However, as the XP approach to test design is ad hoc and code coverage
is not required, it seems to me that what XP gains from simplicity
would tend to be offset by the opportunities it misses.


>It might just be an
> artifact of the example, except that many of us who are using the
> practice observe that it works well all around. 

I have yet to see anything like hard evidence and analysis that would
withstand peer-review and which would (a) substantiate the claims made
by many XP practitioners, and then (b) support a comparison of these
claims to credible baselines established for other approaches.

Every software methodology I've seen in the last 25 years has made
similar claims. My sense is the claims are mostly accurate when
discounted for the enthusiasm(?) of their advocates, but that the
specifics of the methodologies do not explain their success. For me,
that they are applied by charismatic, clever people who are already
highly skilled in their technology of choice and application space
explains most of the success. I'd be willing to bet money that a
properly constructed statistical model would show that methodological
variables are mostly noise for predicting quality and cost.
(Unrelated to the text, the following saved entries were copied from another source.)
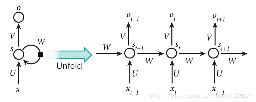 t-1,t,t+1时刻的NN,下标t表示时刻,x表示相应时刻下的输入,o表示相应时刻下的输出,s表示相应时刻下的状态,t时刻的输入会组合t-1时刻的状态以及t时刻的输入。
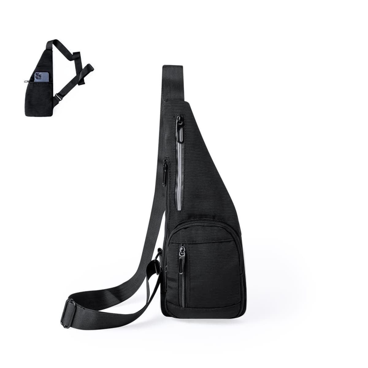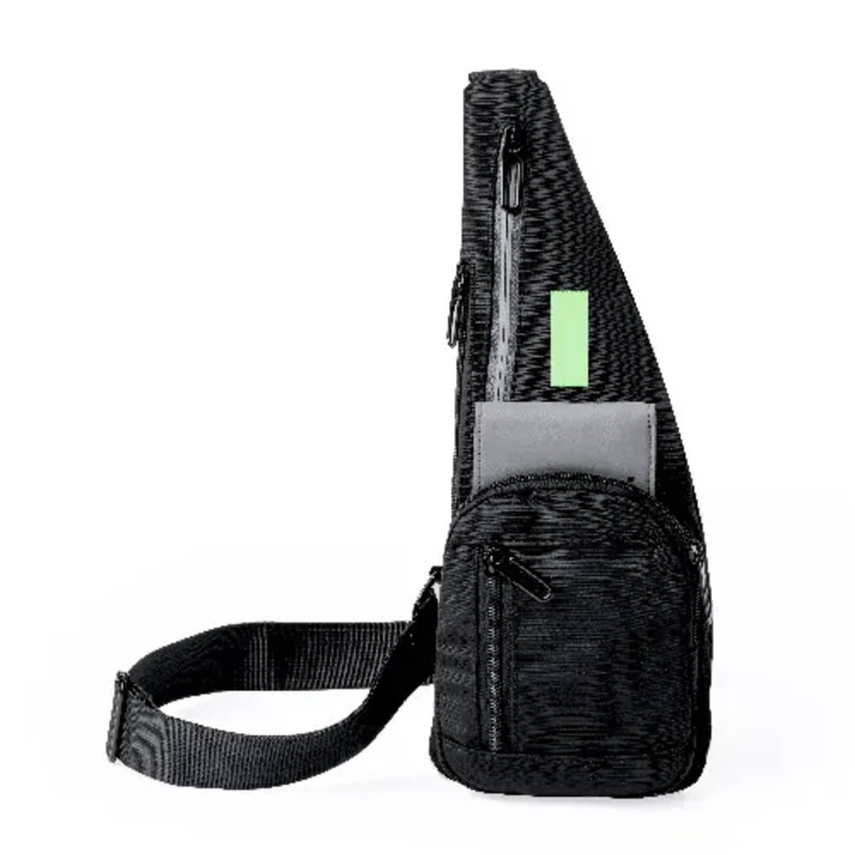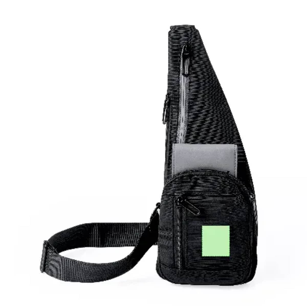 Two main pockets are located on the front and side, along with two additional pockets on the front and back. It is enhanced by a reflective strip on the central pocket for visibility. Presented individually in a recycled bag.
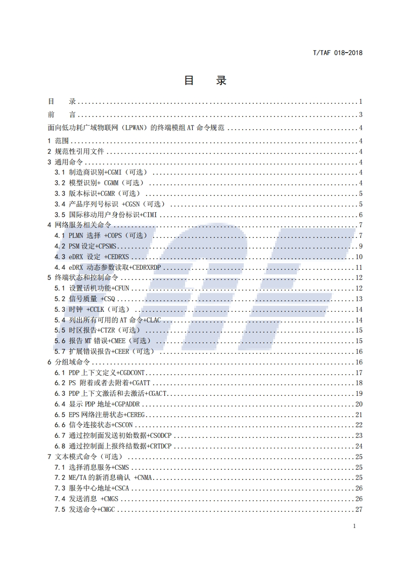 TTAF018-2018面向低功耗广域物联网(LPWAN)的终端模组AT命令规范348072@abc4个月前发布关注私信0.63MB37页025TTAF018-2018面向低功耗广域物联网(LPWAN)的终端模组AT命令规范此内容为付费资源,请付费后查看¥13¥23黄金会员免费钻石会员免费立即购买您当前未登录!建议登陆后购买,可保存购买订单付费资源 第1页 / 共37页 第2页 / 共37页 试读已结束,还剩35页,您可下载完整版后进行离线阅读 THE END标准规范 文本预览 1CS33.050M30团体标准T/TAF018-2018面向低功耗广域物联网(LPWAN)的终端模组AT命令规范AT Command for the Module of Low-Power Wide-Area Network(LPWAN)BasedTerminal2018-6-19发布2018-6-19实施电信终端产业协会发布 查看更多 收起部分 喜欢就支持一下吧收藏
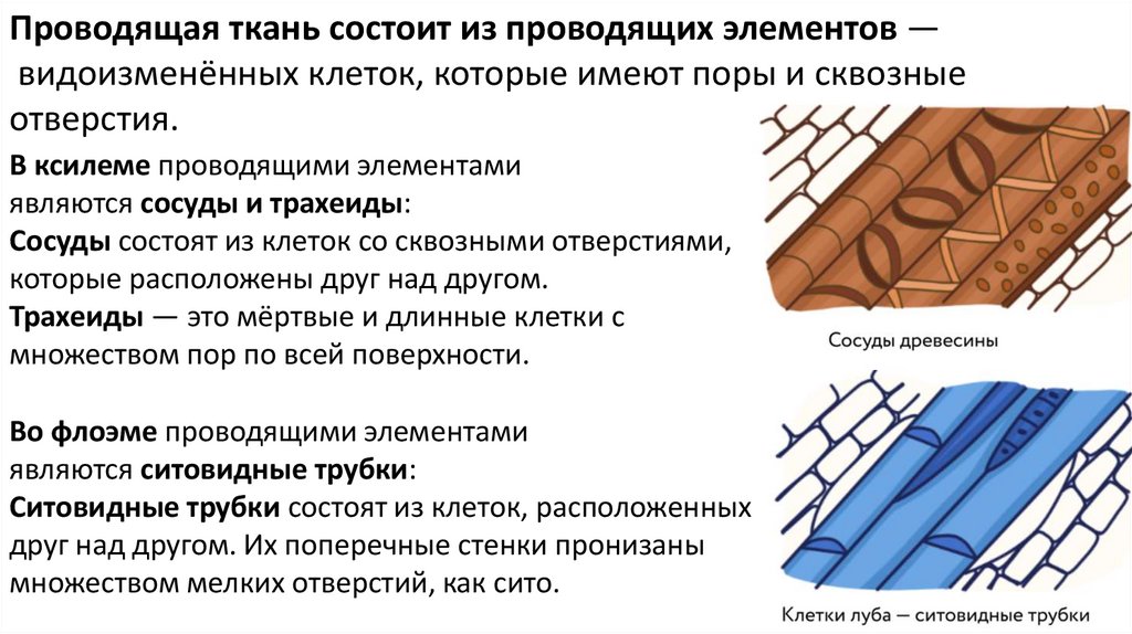 Проводящая ткань состоит из проводящих элементов —видоизменённых клеток, которые имеют поры и сквозные
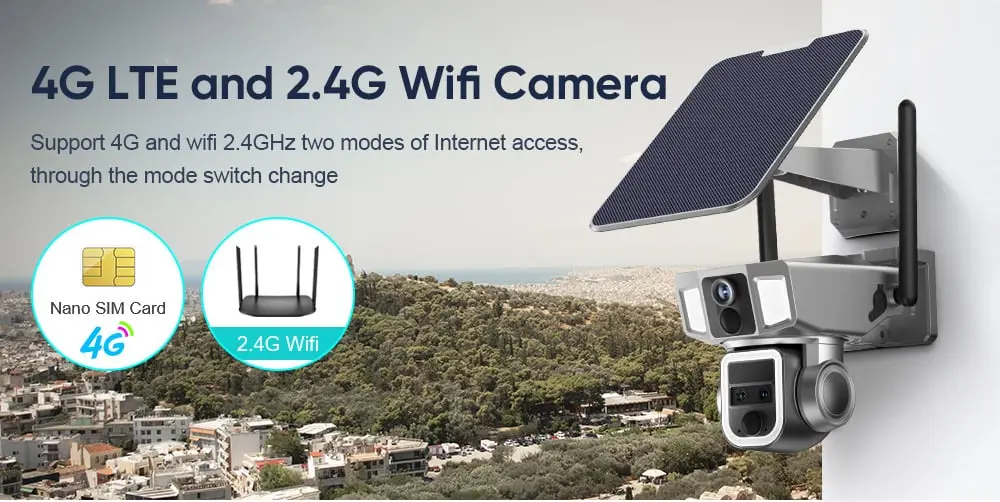 يمكنك توصيل الكاميرا بالانترنت عبر شبكة الواي فاي او وضع شريحة انترنت 4G فيها حسب رغبتك.
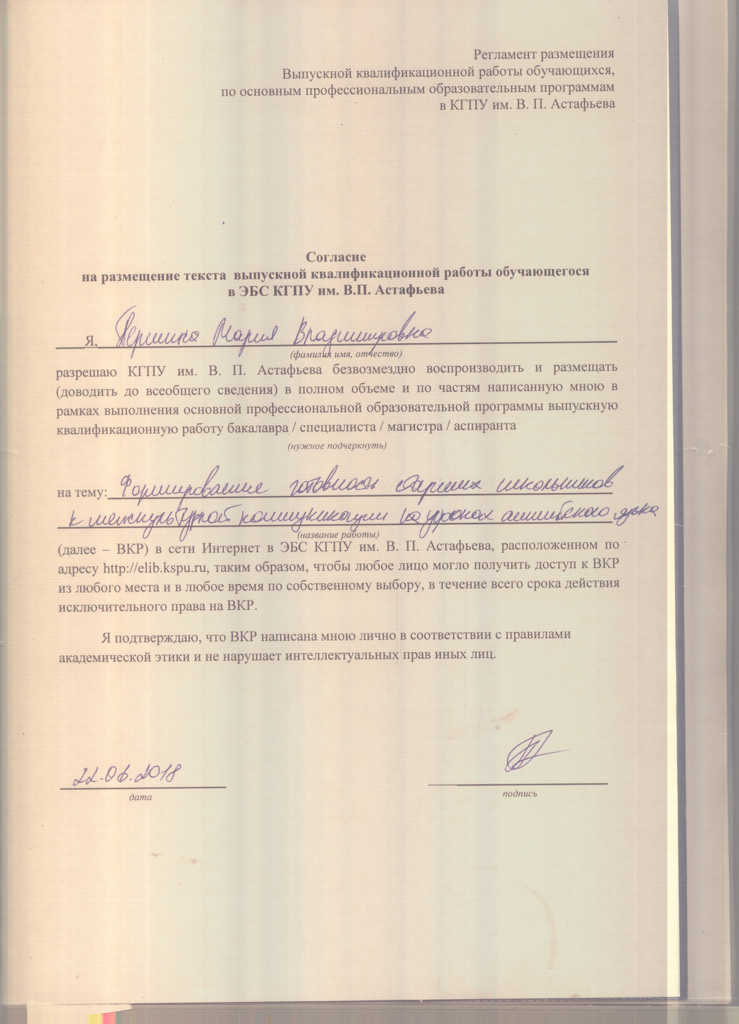 Формирование готовности старших школьников к межкультурной коммуникации на уроках английского языка
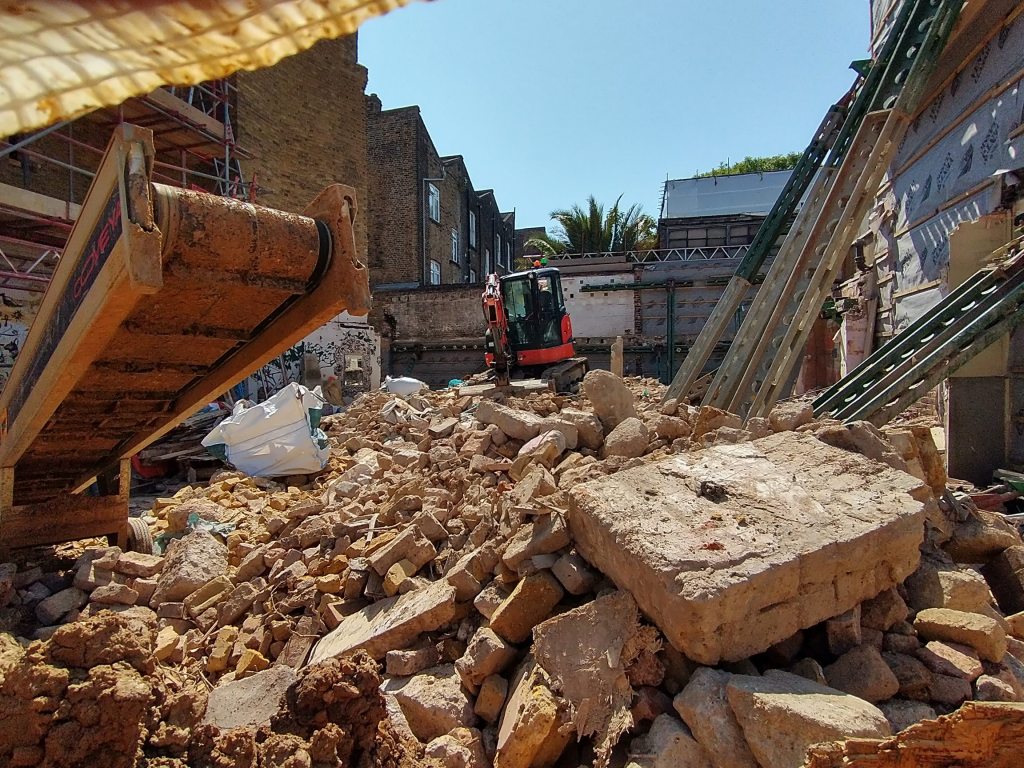 The building works kept the old building in place for longer than we expected, as substantial amounts of material were extracted from the old building and extensive digging took place. We did wonder at one stage if the building – or parts of it – had maybe had a partial eleventh-hour reprieve. But then the whole lot rapidly disappeared…
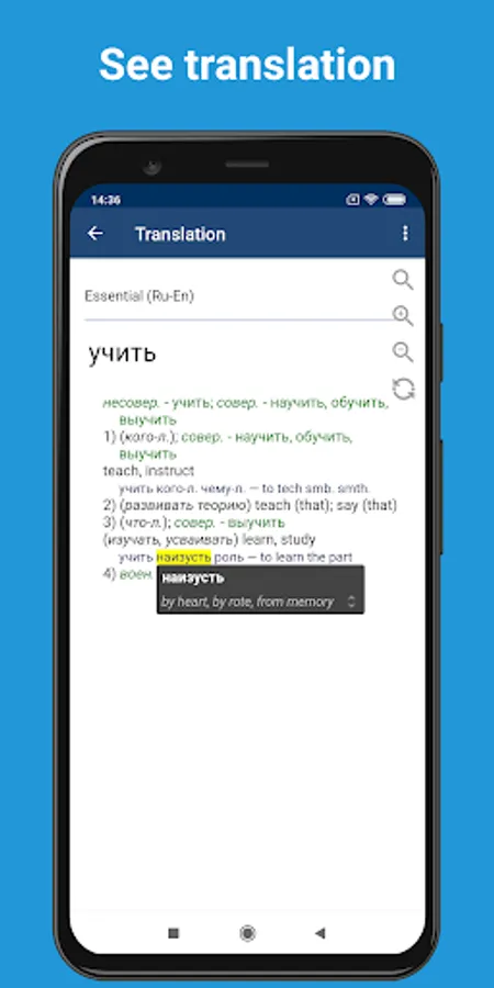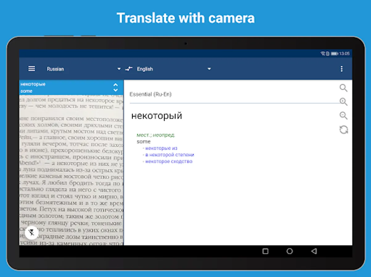 Work with two apps at once in split screen view: read the text in another app and translate unknown words without switching!
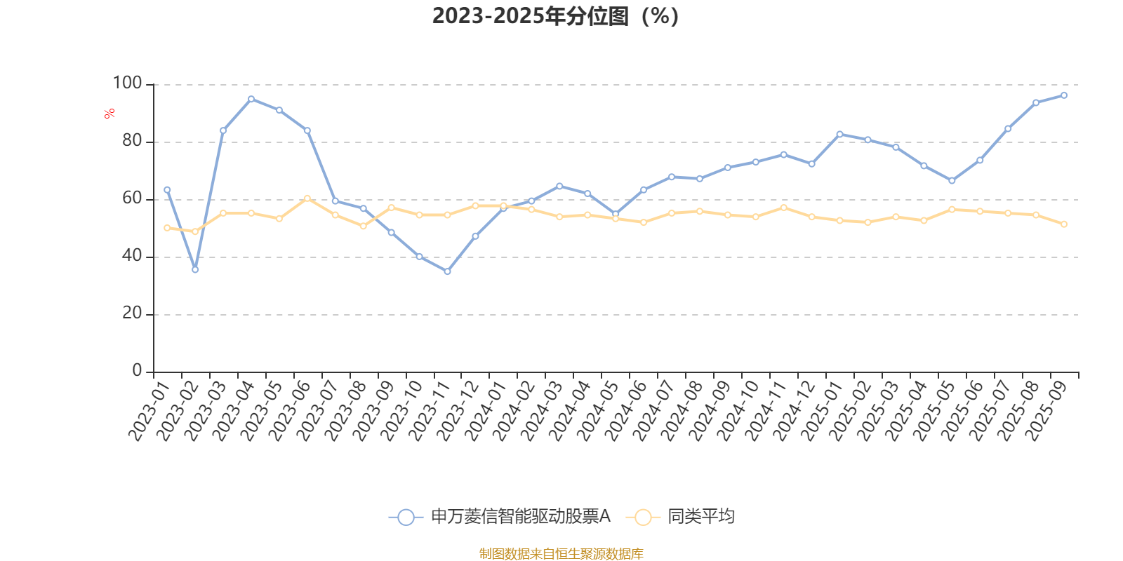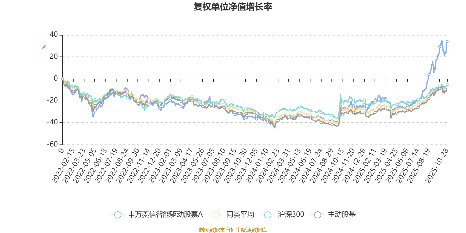 截至10月28日,申万菱信智能驱动股票A近三个月复权单位净值增长率为54.32%,位于同类可比基金1/167;近半年复权单位净值增长率为84.42%,位于同类可比基金2/166;近一年复权单位净值增长率为83.23%,位于同类可比基金4/164;近三年复权单位净值增长率为62.36%,位于同类可比基金16/156。

For
example, the Clean-Room folks *prohibit* unit testing, and have some
published (albeit controversial) studies that show this approach to be
very effective.

> 
> My belief is that test-first is in some sense a different kind of
> testing and programming from the joe codes it and jack tests it kind
> that we have used in the past.

Strange, I thought that pair programming was exactly "joe codes it and
jack tests it".  If you're not talking about unit-scope testing or
small systems, are you suggesting that established practice of a
separate test group to do integration and system testing of large
systems should be replaced by tiny tests written by the merry coders
as they develop the app? That apps should be released when the merry
coders can't think of any more tests to not do?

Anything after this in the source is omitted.